We intentionally don't spread TryPattern everywhere. Only in places where it makes sense.
What are the scenarios where you need to parse unknown RegEx? How common are those scenarios? (Naively I would assume that RegEx is typically constant in code)

karelz on 17 Nov 2017

udlose on 17 Nov 2017

👍3

For this to work we would need to make some changes in RegexParser. Everywhere where we are currently throwing an exception with the helper method MakeException(string) we would need to add a condition and return null if no exceptions are desired (TryParse scenario). We would also need to make sure that the changes won't harm existing inlining optimizations.

That said, it would involve adding a lot of repetitive code which I'm not really a fan of (without loosing inlining optimization).

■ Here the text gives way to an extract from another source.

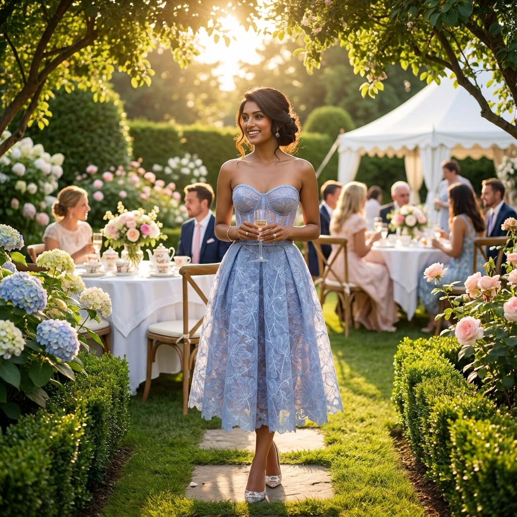 • Flared Midi Skirt – Provides graceful movement and a balanced silhouette

For the public API surface we could have something like this:

[edit by @ViktorHofer, put up api proposal at the top]

ViktorHofer on 26 Nov 2017

I think this is definitely worthwhile. Dynamic regexes are very common, and I've used them many times.

We intentionally don't spread TryPattern everywhere.

@karelz Why? In .NET, absolutely anything that can be defined at compile time can also be created at runtime. For that reason alone it seems like any and every convert-from-string scenario should have a corresponding Try pattern, because there's a good chance that that string will be user input (requiring validation) in somebody's application somewhere.

MgSam on 27 Nov 2017

👍2

Talked to @ViktorHofer, looks ready for review.

terrajobst on 27 Nov 2017

@MgSam first, you already scoped it to convert-from-string scenarios. TryPattern is used for more than just that.
Second, historically we didn't blindly add hundreds of APIs which may or may not be useful - we always tried to understand the value of each API / API category, while maintaining certain level of consistency (e.g. across collections). Key motivation is to keep the API surface sane and easy to consume/reason about - that means avoiding useless APIs which might be just confusing for developers.
BTW: You can check our recorded API reviews for some of our motivations and reasoning.

karelz on 27 Nov 2017

@karelz Right, I'm asking in the context of this issue, which was about parsing from strings.

"Hundreds of APIs" seems a little extreme- I'm just pointing out that it should factor in the design process for any API that deserializes a string that somewhere someone will be doing this at runtime with user input, and as such, it should probably be the standard, not the exception, to provide Try methods for such cases.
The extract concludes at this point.